Mox-Linde Gases
- Formerly: Malaysia Oxygen Berhad (MOX)
- Company type: Private Limited Company
- Industry: Chemical industry
- Founded: 1960
- Headquarters: Petaling Jaya, Malaysia
- Parent: Linde plc
- Website: www.mox-linde.com.my

= Mox-Linde Gases =

Mox-Linde Gases Sdn. Bhd. (formerly known as Malaysia Oxygen Berhad or MOX) was a Malaysian industrial gases company. Established in 1960, MOX specializes in providing total gas solutions, namely manufacturing and distributing industrial, special and medical gases, installations of gas equipment, pipelines and engineering services. MOX also offer packaged chemicals, welding and consumables products.

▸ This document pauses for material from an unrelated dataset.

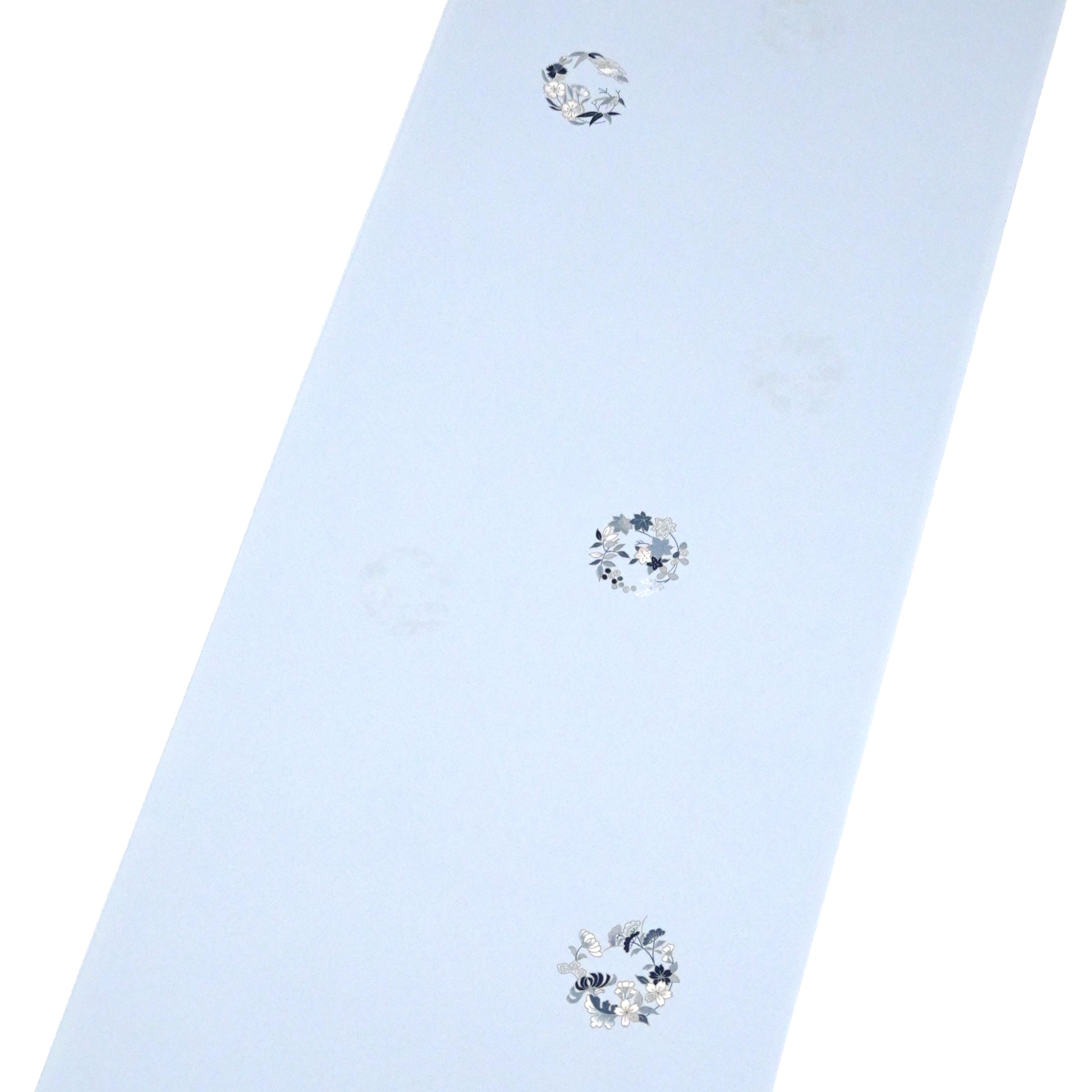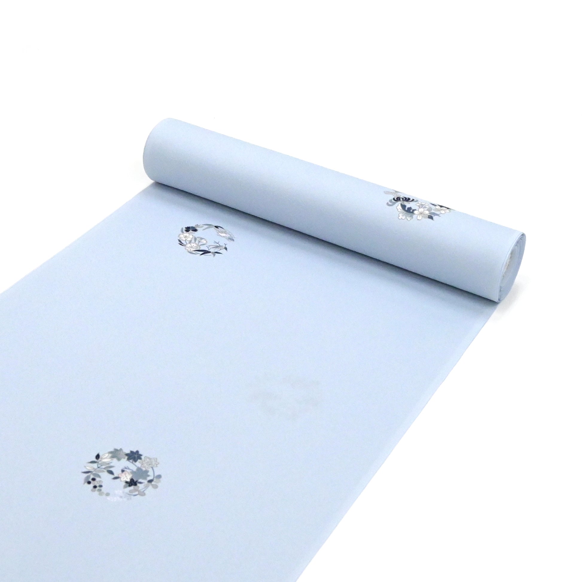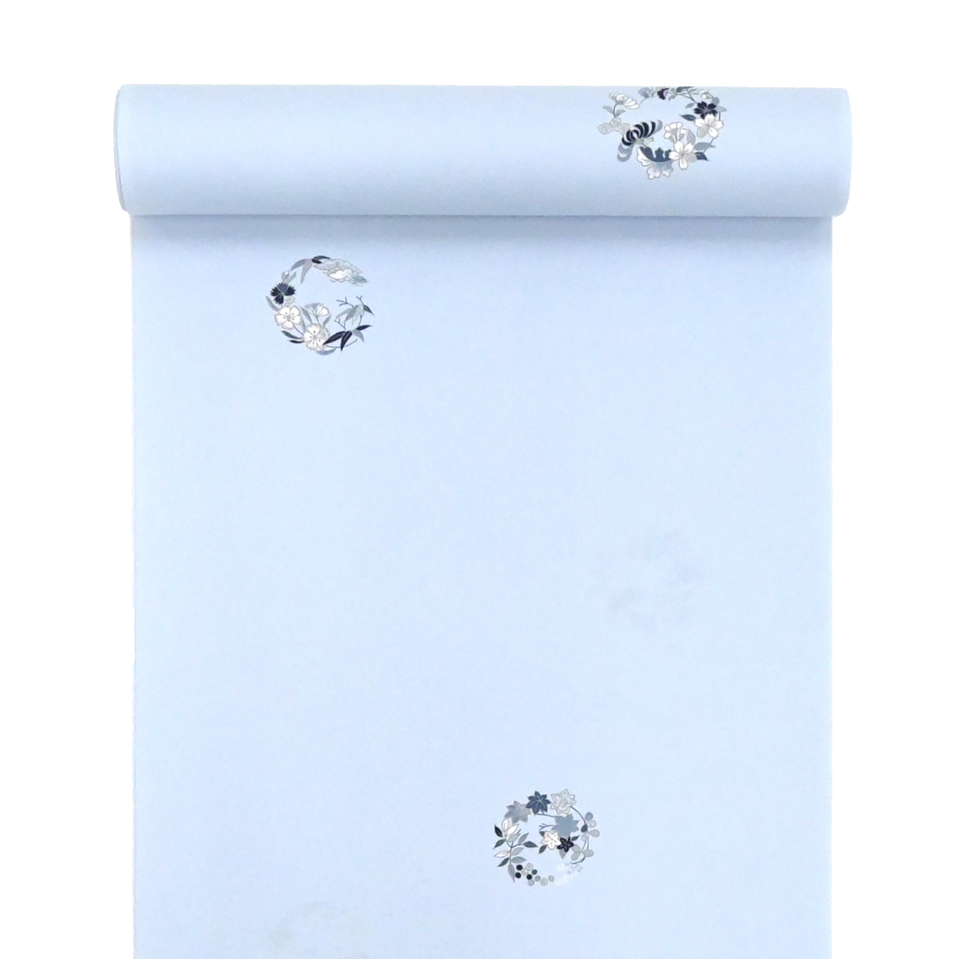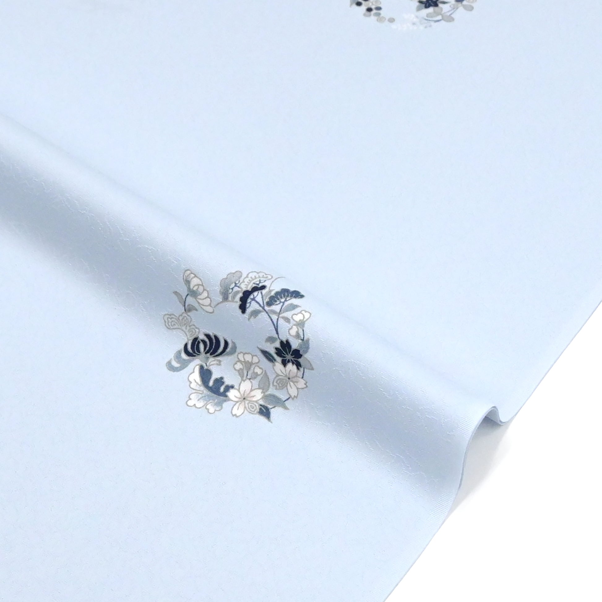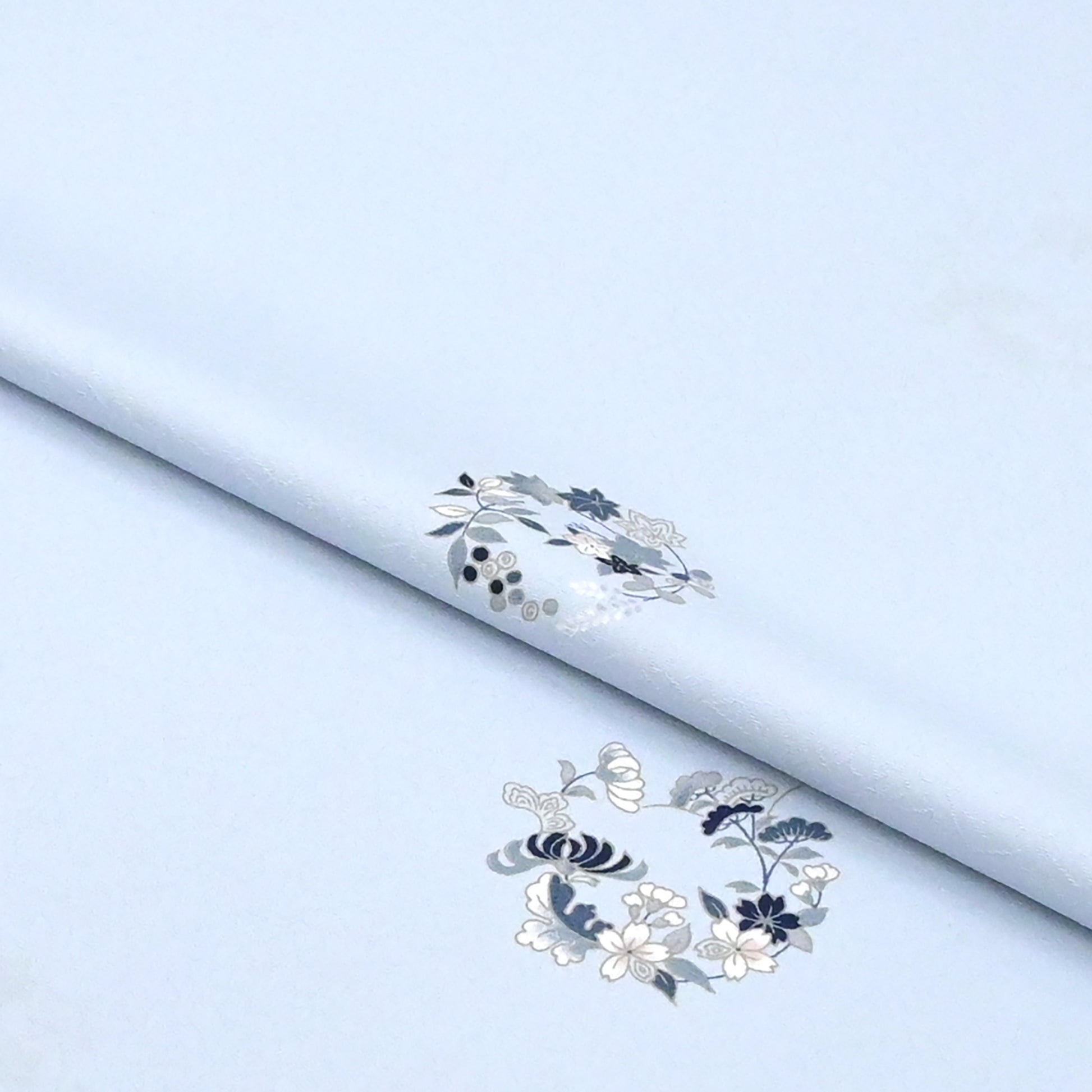 東レシルック 小紋 ~棗(なつめ)~「四季花の丸」蒼白色 【袷・単衣用】

MOX is a member of The Linde Group through share buyout in 2007.

MOX has 21 plants nationwide in industrial parks such as Shah Alam, Bayan Lepas, Kulim, Pasir Gudang and Kerteh. The company also has sales centers in major towns in Malaysia.

In 2010, MOX-Linde was named the Manufacturer of the Year in the large companies category by the Federation of Malaysian Manufacturers (FMM).

In 2012, the company was rebranded as Linde Malaysia.